Let us take a second and marvel that within the first twenty years after Jesus and likely earlier than that, people were already writing down what they heard and saw. They knew it was important. And these witnesses to the gospel and recorders of what happened were already busy writing these things down and passing the message to all who believed.
Some criticism of the gospels you might hear is that the accounts were written down much later than the events. For example, Luke was written down sometime before 70 AD. That means Luke may have written his account decades after Jesus was resurrected. However, these detractors fail to realize that much of what Luke contained was from writings that had been written much closer to the event.
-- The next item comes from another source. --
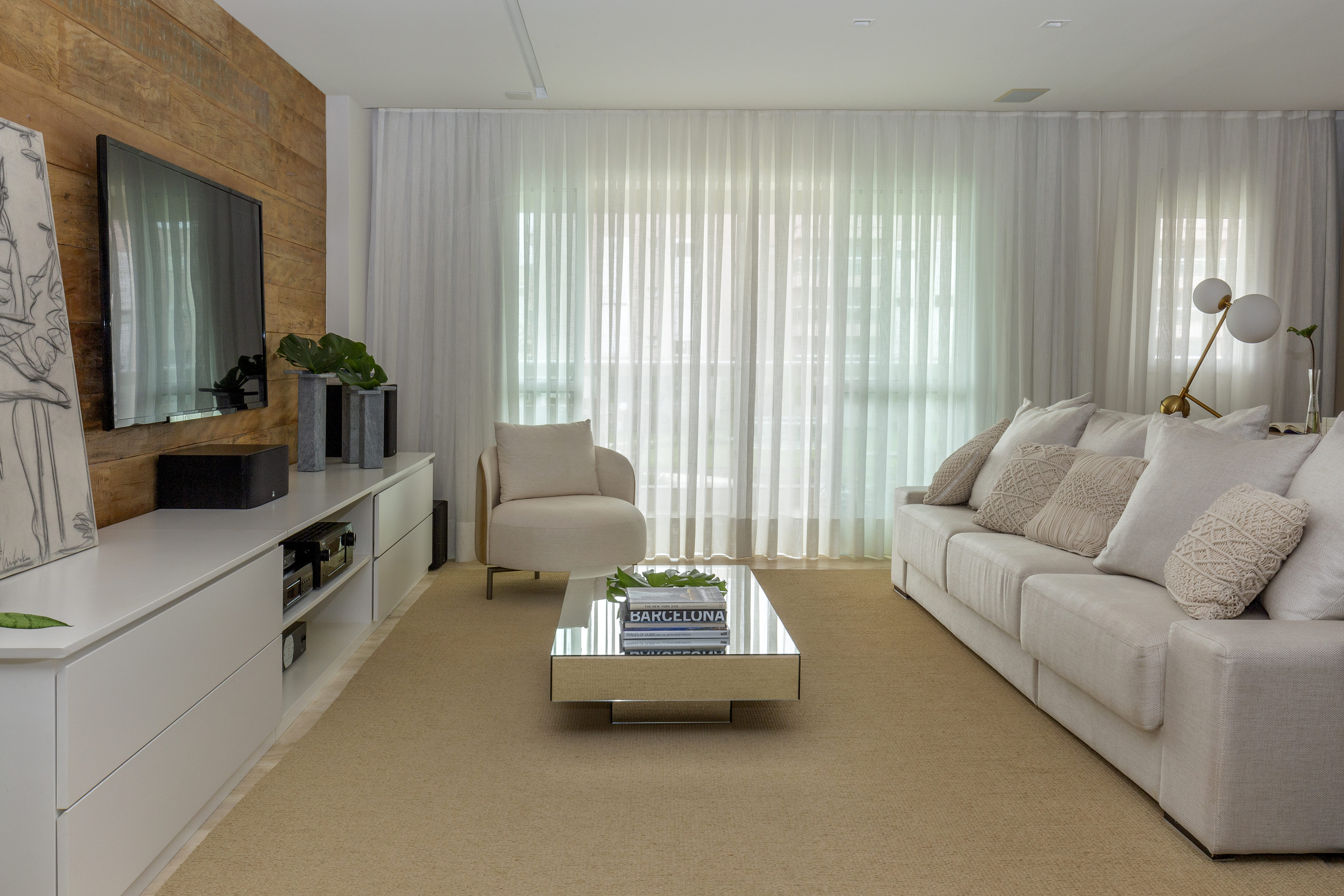 O projeto de interiores do Apartamento Serenara foi concebido para refletir a personalidade de uma mulher independente e de gosto refinado, priorizando a praticidade e o prazer de receber convidados. O layout promove a integração total entre as salas de estar, jantar, TV e a varanda, criando um espaço amplo e acolhedor que atende às atividades cotidianas da moradora, como a leitura e a gastronomia.

We do see from Luke that he got his information from people who were speaking and writing with the purpose to pass down the information. His goal was to be orderly. He wanted to take all of the accounts and put them in an order that would best convey the message to his audience.

The Purpose

Luke, among many others, was investigating and researching the claims of the gospel he heard. And what did Luke find? He found that what he had received as the gospel was trustworthy. So much so that he compiled the information and underwent the difficult process of writing down all that he had learned so that he could share it. His purpose was so that Theophilus would have the same confidence in the gospel that Luke did. The gospel is not simply good information. It is good news that calls us to follow a risen Jesus. Luke is not a simple historian. He writes with a purpose to grant confidence in what has been thoroughly investigated. Luke wrote to defend this certainty to his reader. Even in the first century, God had set people about the task of writing to defend the truthfulness of what happened.

Conclusion

So with Luke, we can see the recipient, process, and purpose are all to give us confidence in the things that we believe regarding Jesus. Luke is a great book to build your confidence in what you have already learned. Luke desired to show the importance of the truthfulness of the gospel. It is not a mere story. Jesus really came, taught, died, and rose again. We can have confidence in the truthfulness of God’s word to us. God’s word has the purpose of bringing us life. So read with confidence the good news that Jesus is our Savior and many throughout the ages have gone to great lengths to ensure that we have and can trust that good news.